No hacía falta exponer la conclusión; ella lo comprendía tan bien como él.

—¿Qué me dices de William March? ¿Pudo sentirse tan celoso como para matar a George por sus atenciones hacia Sybilla?

—No lo creo —dijo ella—. Daba la impresión de que ni siquiera lo había notado. Yo creo que sólo le importan sus cuadros. Claro que… —Sus dedos se cerraron en torno a los de Pitt—. Thomas, anoche oí a George y a Sybilla discutiendo, y cuando George subió antes de ir a acostarse, entró a verme y… —Pugnó por dominarse—. Me comunicó que lo de Sybilla había terminado. Bueno, no directamente, claro. Eso habría sido como admitir que había algo. Pero nos entendimos mutuamente.

—¿Dices que discutió con Sybilla?

—Sí.

No tenía sentido preguntarle si la discusión había sido lo bastante violenta para fomentar el asesinato: ella no podía responder y, caso de hacerlo, su respuesta no habría significado nada.

Pitt se levantó y le soltó la mano suavemente.

—Si se te ocurre alguna cosa, haz que me avisen. No puedo dejar ningún cabo suelto.

—Lo sé. Te lo diré.

Él le sonrió ligeramente como para suavizar lo que había dicho e intentar echar un delgado cabo para salvar la distancia entre el policía y el hombre.

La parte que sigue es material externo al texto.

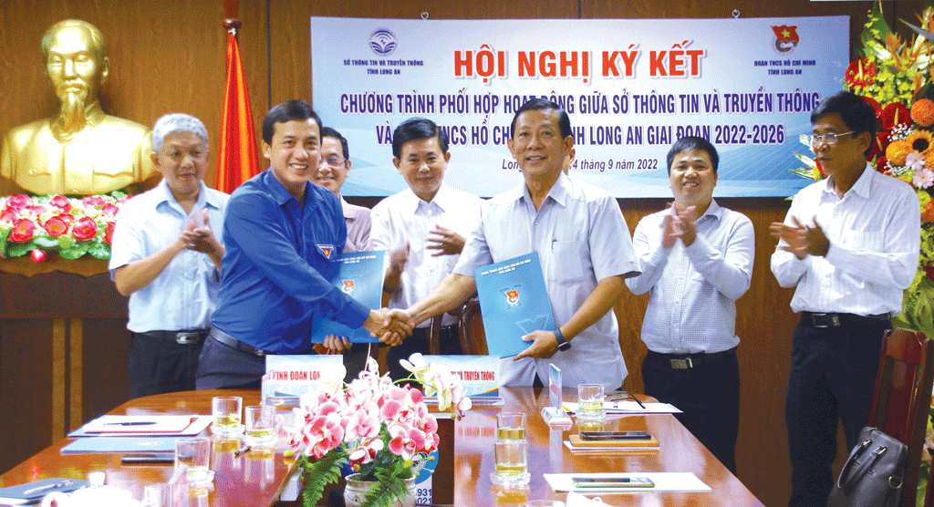 Giám đốc Sở Thông tin và Truyền thông - Nguyễn Bá Luân và Bí thư Tỉnh Đoàn - Trần Hải Phú ký kết chương trình phối hợp các hoạt động thúc đẩy thực hiện chuyển đổi số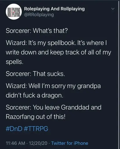 arrow-up1369imageThe Wizard and Sorcerer beef continueslemmy.dbzer0.comStamets@lemmy.dbzer0.com to RPGMemes @ttrpg.network · 1 month agomessage-square9fedilink
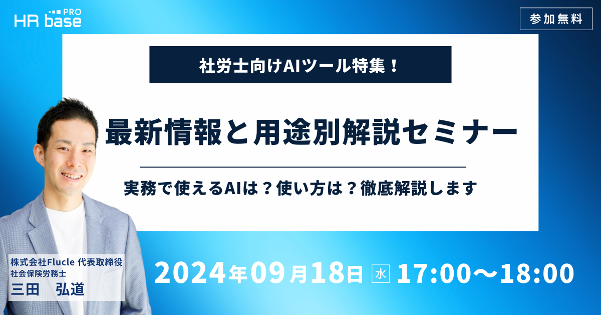 本セミナーでは、社労士向けAIの開発者である三田より、最新のAI情報や業務内で使えるAIツール情報をお届けさせていただきます。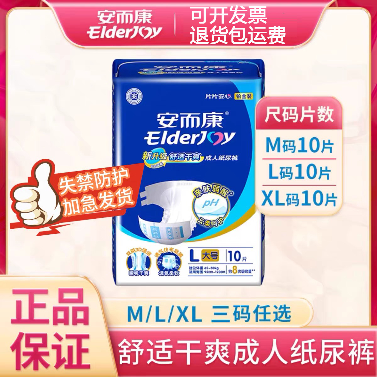 整箱安而康舒适干爽成人纸尿裤老年人用尿不湿护垫男女M/L/XL码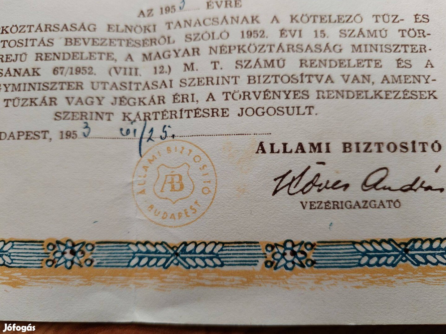Biztosítási okirat tűz és jégkár esetére 1953-as Állami Biztosító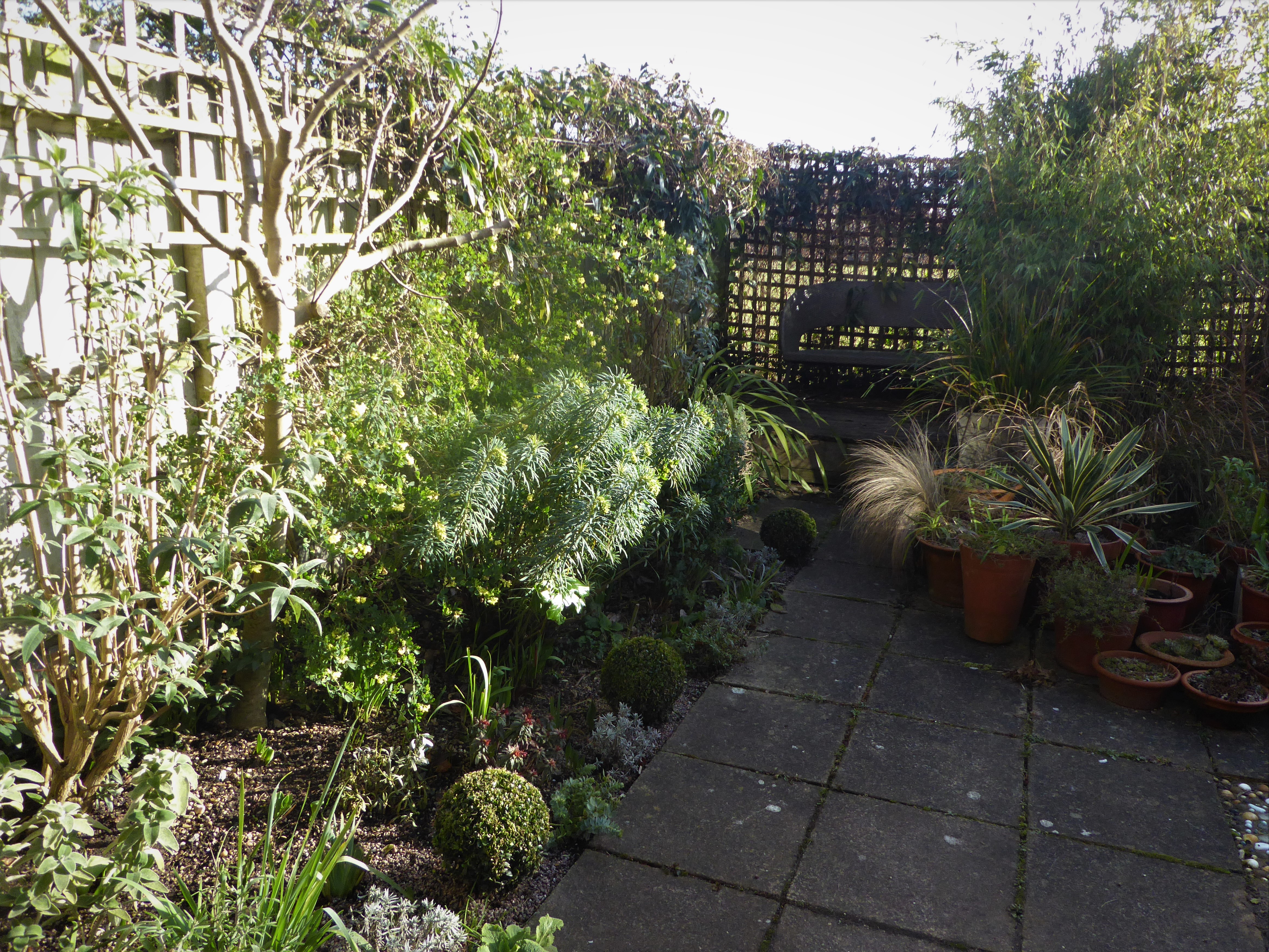 This winter has been cold, plenty of rain, and plenty of gloriously crisp and sunny days, like this one above in my own garden. Many winter highlights which give colour and evergreen backbone to the garden at this timeof year – lovely silvery Astelia….
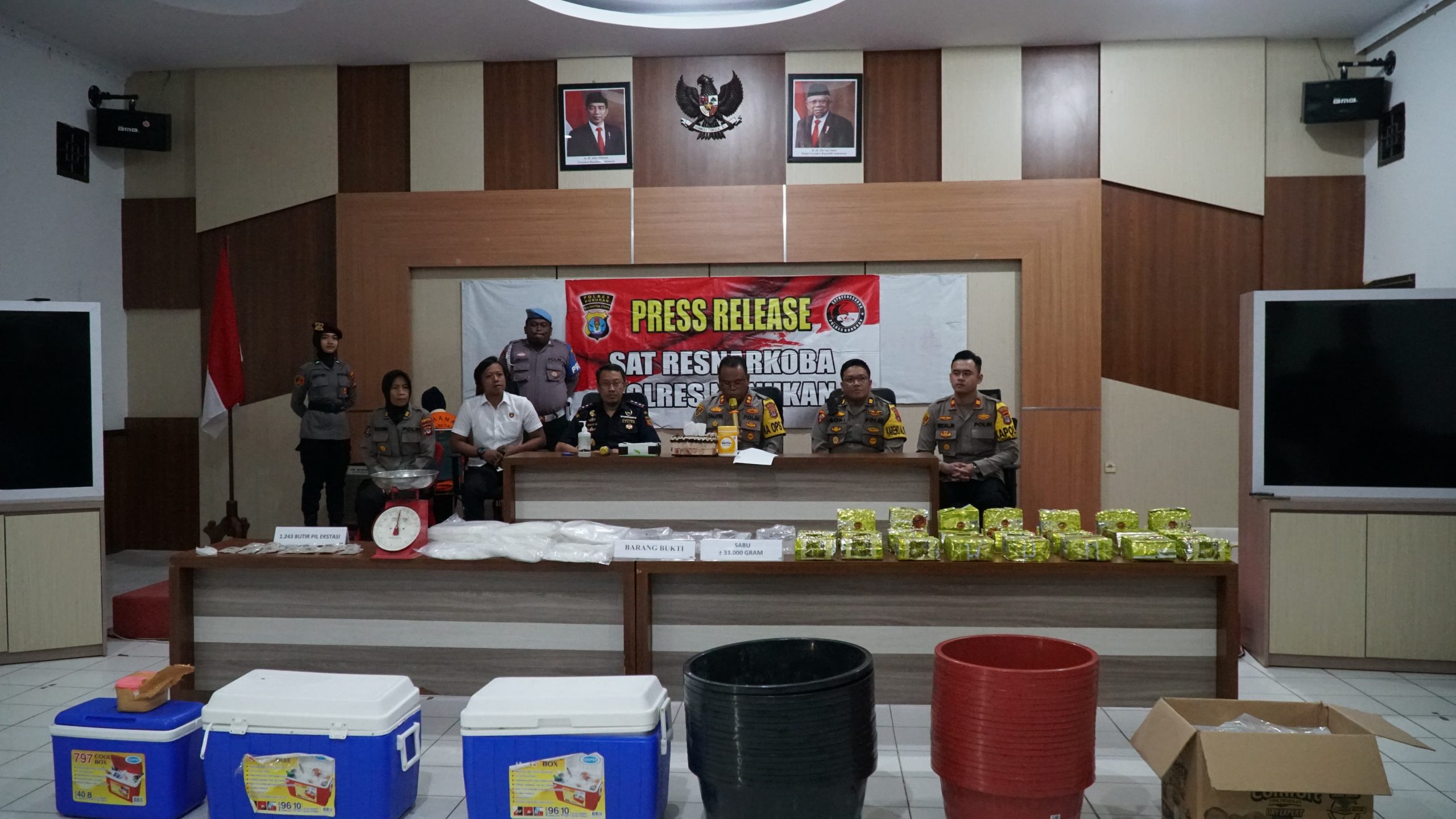 1. 1 baskom plastik warna hitam bertumpuk ditemukan bungkusan teh cina QUANYINWANG sebanyak 12 bungkus diduga berisi sabu sabu dgn berat perbungkusnya ± 1000 gram serta Pil Ekstasi sebanyak 1.243 butir merk LV.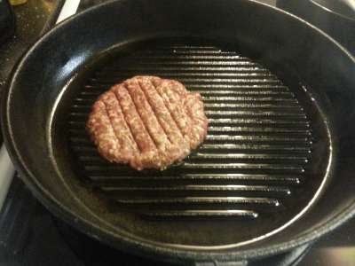 Varm en grilstekepanne med litt olje på middels til sterkvarme i.Stekk burger 3-4minutter på hver side .
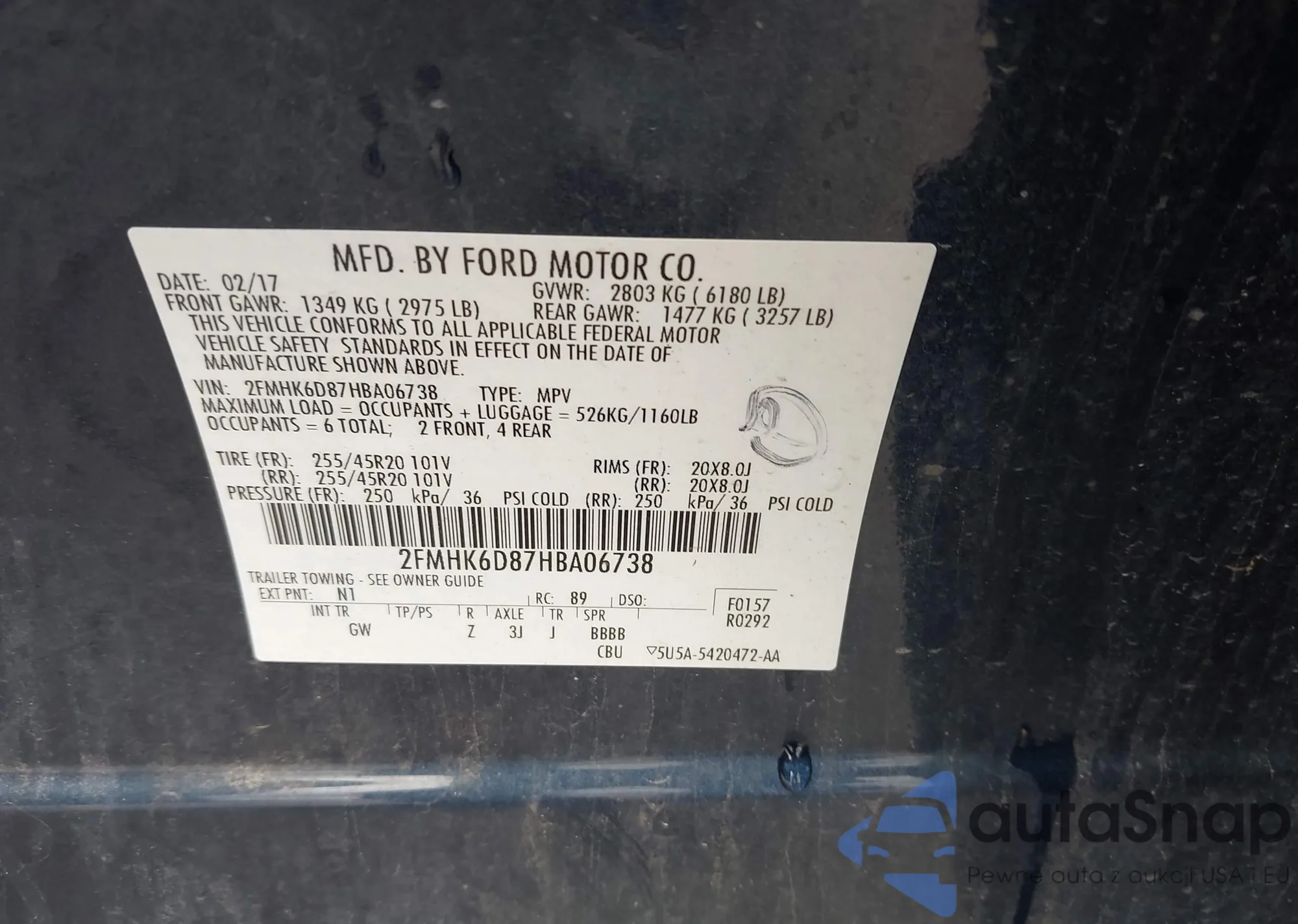 LOT: 41723466 VIN: KNAFX4A68F5417696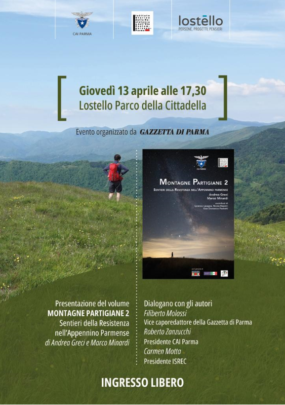 Una guida al cammino per una “conoscenza responsabile” delle nostre montagne, che mette al centro la tutela della memoria e la cura del ricordo di chi, prima di noi, ha amato e frequentato valli e cime per la libertà: il volume verrà presentato da Filiberto Molossi (Gazzetta di Parma), Roberto Zanzucchi e Carmen Motta (Presidente ISREC) Giovedì 13 aprile alle ore 17,30 a Lostello della Cittadella .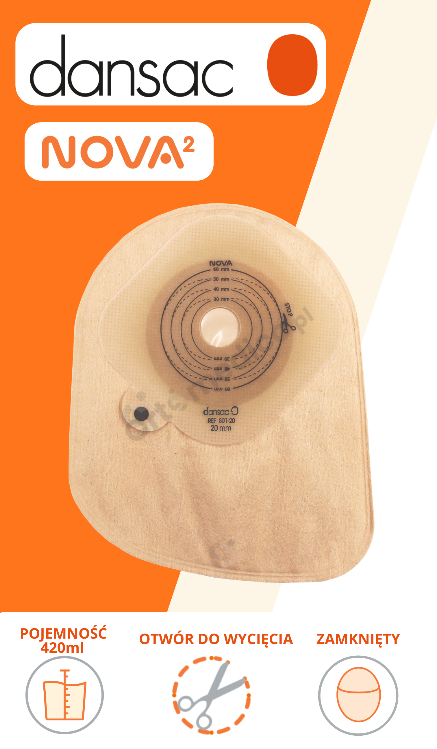 Dansac Nova1 Closed Midi 801-20 to zamknięty worek stomijny jednoczęściowy, zaprojektowany z myślą o maksymalnym komforcie i bezpieczeństwie osób z kolostomią. Dzięki zastosowaniu naturalnych, przyjaznych dla skóry materiałów i nowoczesnych technologii, worek zapewnia wysoką szczelność, skuteczną ochronę przed zapachami i pełną dyskrecję w codziennym użytkowaniu.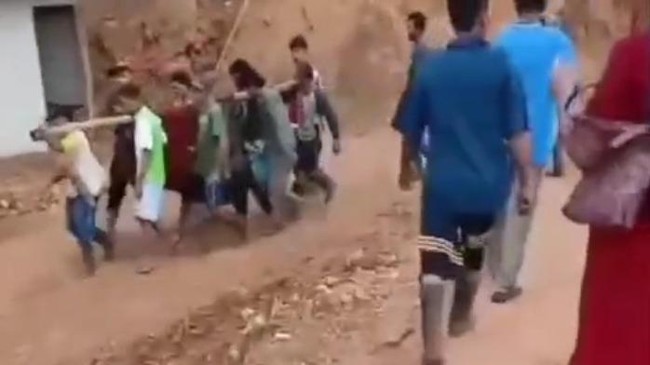 Dalam video berdurasi 1 menit 57 detik yang dilihat detikcom, Jumat (22/11/2024), tampak sejumlah warga menandu seorang wanita dengan menggunakan sarung. Jalanan di lokasi tampak masih berupa tanah.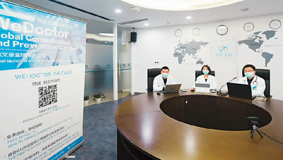 3月17日,中国医生在杭州通过微医全球抗疫平台为海外同胞提供免费在线咨询服务,指导如何进行科学防护。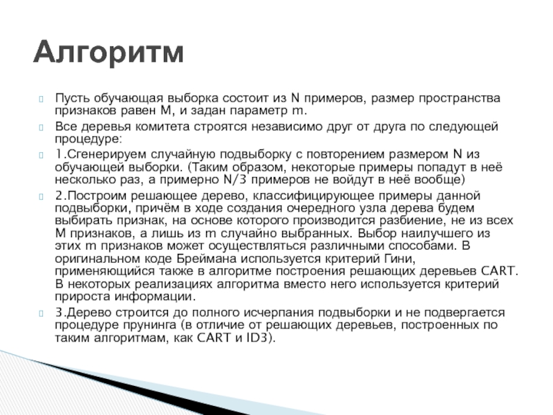Пусть обучающая выборка состоит из N примеров, размер пространства признаков равен M, и задан параметр m.Все деревья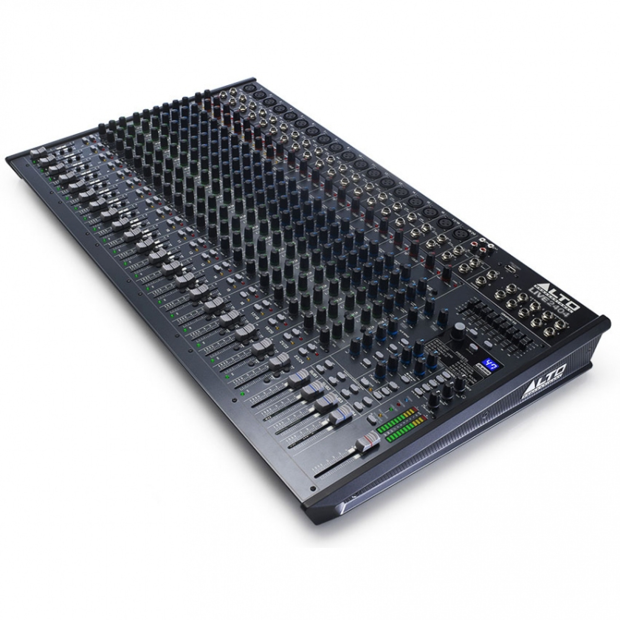 Alto Professional Live 2404 – это профессиональный микшерный пульт на 24-канала, функционал которого позволит Вам создать замечательный микс как на живых выступлениях, так и при работе в студии. Гибкая маршрутизация и множество встроенных DSP-эффектов, делают эту модель прекрасным выбором для проведения различных мероприятий: конференций, презентаций, камерных выступлений и тому подобное. Микшер оснащен 18-ю балансными XLR-входами с контролируемым фантомным питанием, также установлены 3-полосные эквалайзеры с параметрической серединой на каждый канал, четыре AUX-шины для подключения внешних эффектов или мониторинга, и самое важное - 9-полосный графический мастер-эквалайзер для супер-гибкой настройки частот. Доступный диапазон частот микшера от 20 Гц до 20 кГц, что достаточно хорошо при соотношении сигнал/шум в 105 дБ.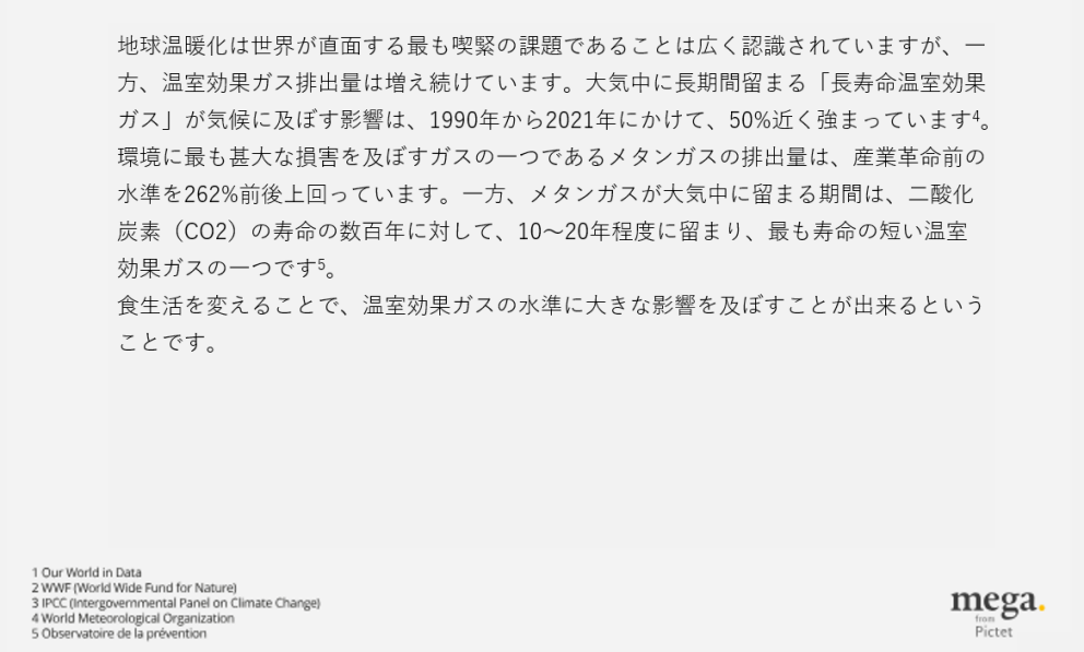 - 最後に、技術の進化によって、食品関連の電子商取引(e-コマース)、個々人の体質に合わせた栄養改善(個別化栄養)、(食品の移動の追跡を可能にする)食品トレーサビリティなど、新しいタイプの投資の機会が生まれています。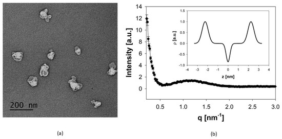 (a) TEM image of negatively stained archaeosomes using 1% uranyl acetate. The image of the air-dried archaeosomes shows single particles with fairly uniform size distribution. The scale bar represents 200 nm. (b) Global fit of the SAXS pattern of archaeosomes indicating unilamellar structures. The inset gives the corresponding electron density profile, in which the distance between the two maxima of the Gaussian modeling of the electron dense headgroup regions gives a measure for the lipid layer thickness.
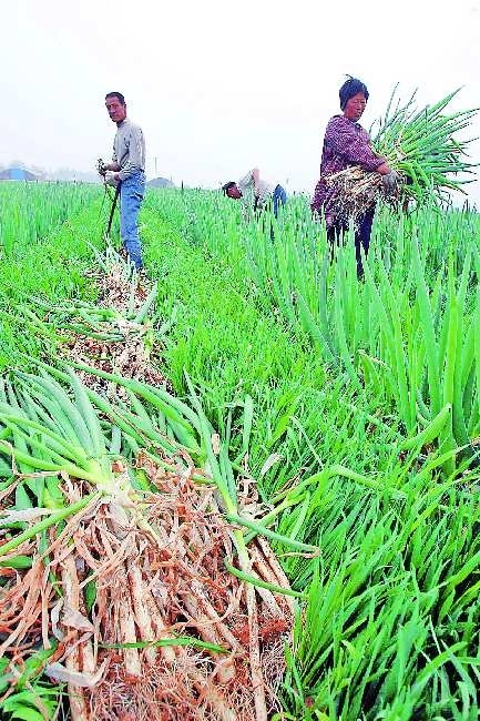 图为14日章丘市宁家埠镇明家村的蔬菜经纪人在低价收葱。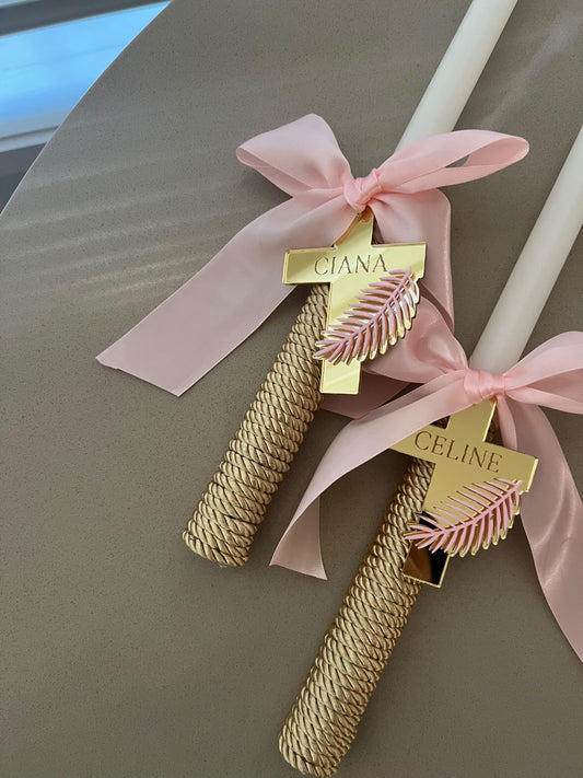 Twisted Taper Palm Sunday Candle - Personalised Tag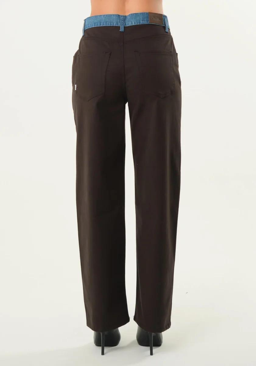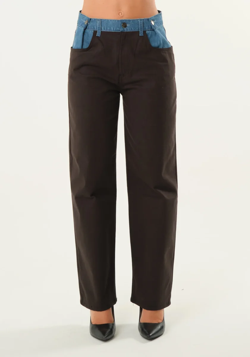 Jeans con bustino a contrasto, in cotone elasticizzato, tasche, gamba dritta, pence laterale regolabile, chiusura frontale con bottone e zip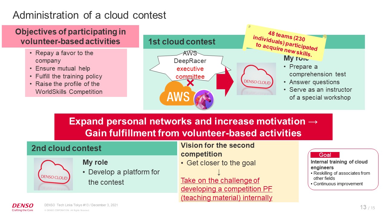 Next, I will talk about the cloud contest. Let me explain why I started to join the voluntary activities. When I became involved in training, I was looking for help for AWS, and came across a team of engineers who were planning a DeepRacer contest.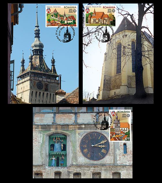 Set carti postale maxime CENTRUL ISTORIC SIGHIȘOARA – PATRIMONIU MONDIAL UNESCO – Romfilatelia-O lume intr-un timbru

Ella tragó saliva, y las comisuras de su boca formaron una desvaída sonrisa a modo de respuesta.

Fue una hora más tarde cuando la puerta del dormitorio se abrió otra vez para que entrara Charlotte. No dijo nada, sólo se acercó a la cama, se sentó, alargó la mano y abrazó a Emily dejando que llorara cuanto le hacía falta, meciéndola al tiempo que murmuraba viejas palabras de consuelo, cosas de cuando eran niñas.